Action potentials arising from a single neuron were discriminated by the template-matching function of the spike-sorting software (Spike2; Cambridge Electronic Design, Cambridge, UK). Only well isolated SUs were included in the analysis, which was determined by the homogeneity of spike waveforms, the separation of the projections of spike waveforms onto principal components during spike sorting, and clear refractory periods in ISIs histograms. All analyses were performed using custom-written Matlab routines (Mathworks, Natick, MA). Firing rate was calculated by taking the reciprocal value of the mean ISI for the whole 1000 spikes of recording.

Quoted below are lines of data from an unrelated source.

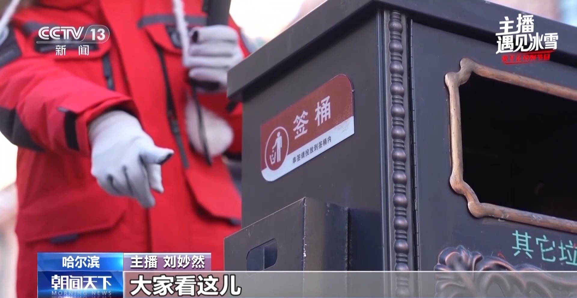 主播 刘妙然:在这里,有专门装签的桶,这样可以节省空间。我们一路从中央大街走过来,感觉非常干净。据我所知,中央大街的人流量特别大,最高的瞬时人流量可以达到3万人次。所以这里的环卫工人基本上是每8分钟就会清理一次垃圾桶,让大家的体验感变得更好。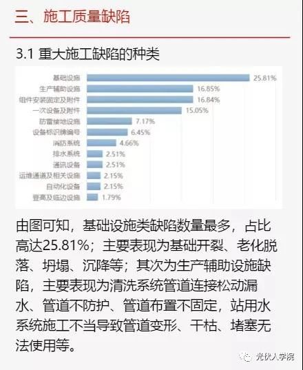 在重大施工缺陷中,基礎(chǔ)設(shè)施類缺陷數(shù)量最多,占比高達(dá)25.81%,其次為成產(chǎn)輔助設(shè)施缺陷。前者主要表現(xiàn)為基礎(chǔ)開裂、老化脫落、坍塌、沉降等;后者主要表現(xiàn)為連接松動漏水、管道不防護(hù)等。而通訊設(shè)備缺陷造成事故(或引發(fā)考核)的比例最高,達(dá)到42.86%。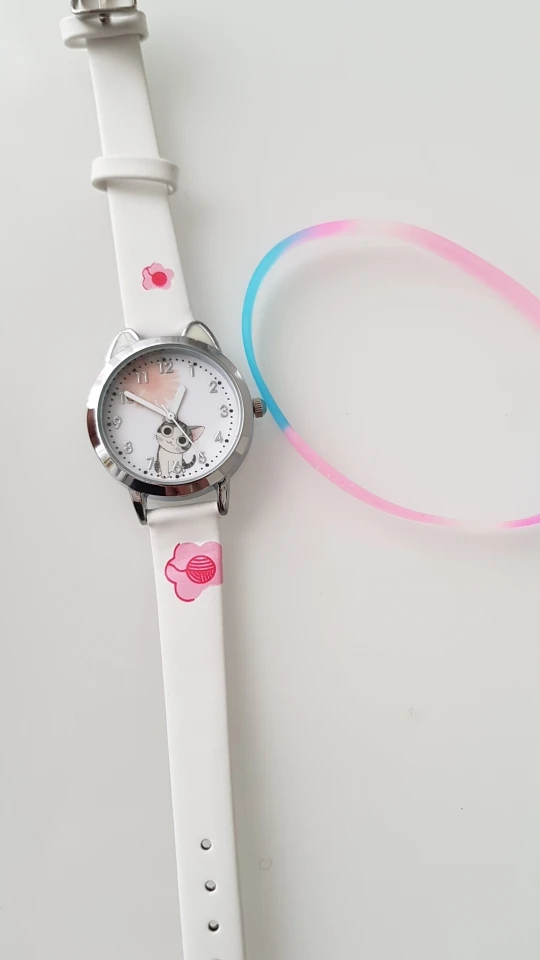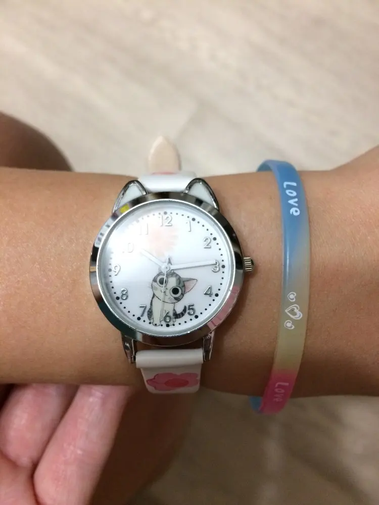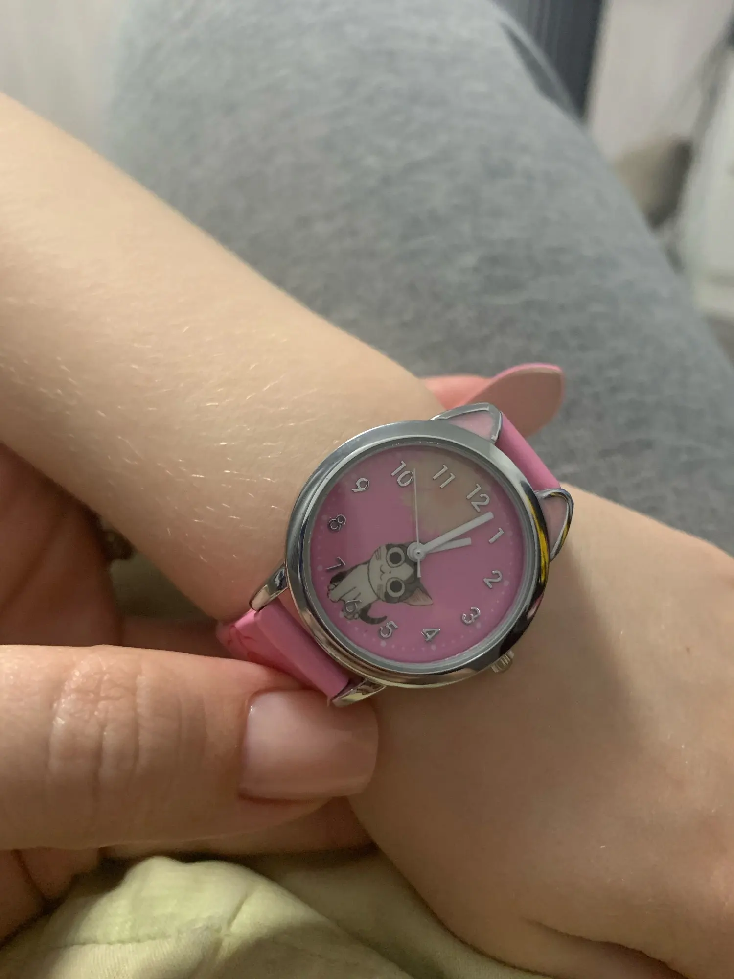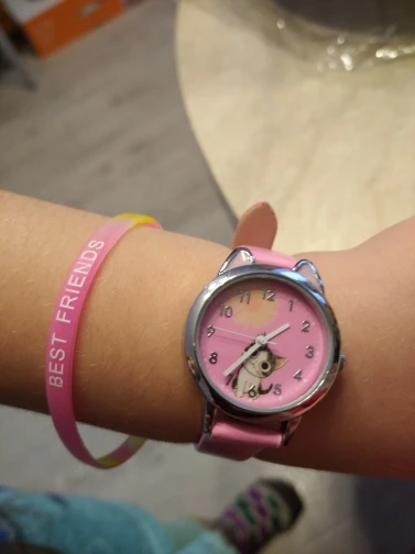 Очень милые часы. Рабочие. Подходят и на взрослую руку. Ребенку придется делать дополнительные дырочки в ремешке.

2.5 Entropy and firing rate analyses

Entropy (as measured by Approximate Entropy, ApEn) is, by definition, a measurement for irregularity in a time series²⁷. ApEn was defined by Pincus^{23, 28} as fellow:

$$\text{ApEn}(\mathrm{N},\mathrm{m},\mathrm{r})={(\mathrm{N}-\mathrm{m}+1)}^{-1}{\displaystyle \sum }_{\mathrm{i}=1}^{\mathrm{N}-(\mathrm{m}-1)}{\text{InC}}_{\mathrm{i}}^{\mathrm{m}}(\mathrm{r})-{(\mathrm{N}-\mathrm{m})}^{-1}{\displaystyle \sum }_{\mathrm{i}=1}^{\mathrm{N}-\mathrm{m}}{\text{InC}}_{\mathrm{i}}^{\mathrm{m}+1}(\mathrm{r})$$

With

$${\mathrm{C}}_{\mathrm{i}}^{\mathrm{m}}\left(\mathrm{r}\right)=\left(\text{number of j such that d}\left[\mathrm{x}\left(\mathrm{i}\right),\mathrm{x}\left(\mathrm{j}\right)\right]\le \mathrm{r}\right)/\left(\mathrm{N}-\mathrm{m}+1\right)$$

where

$$\mathrm{d}[\mathrm{x}(\mathrm{i}),\mathrm{x}(\mathrm{j})]=\text{max}(|\mathrm{u}(\mathrm{i}+\mathrm{k}-1)-\mathrm{u}(\mathrm{j}+\mathrm{k}-1)|)$$

for k=1,2,…,m and i=j=1,2,…,N.

${\mathrm{C}}_{\mathrm{i}}^{\mathrm{m}}\left(\mathrm{r}\right)$ measures the regularity between patterns of windows length m and within a tolerance r. The value of ApEn increases when an observed pattern is not followed by additional similar patterns in the time series. A time series that is rendered highly predictable by repetitive patterns has a relatively small ApEn; a less predictable process (or more random-looking progress) has a higher ApEn.

In comparison to analyses in time, frequency and non-linear domains, the order of the data in the time series is the crucial factor. Briefly, the standard deviation (STD), mean or coefficient variation (CV) measure the central tendency and dispersion of the magnitude of a series and these measurement are independent of the order of the data. In contrast, ApEn (and other entropy measurements) depends on the temporal organization of the data.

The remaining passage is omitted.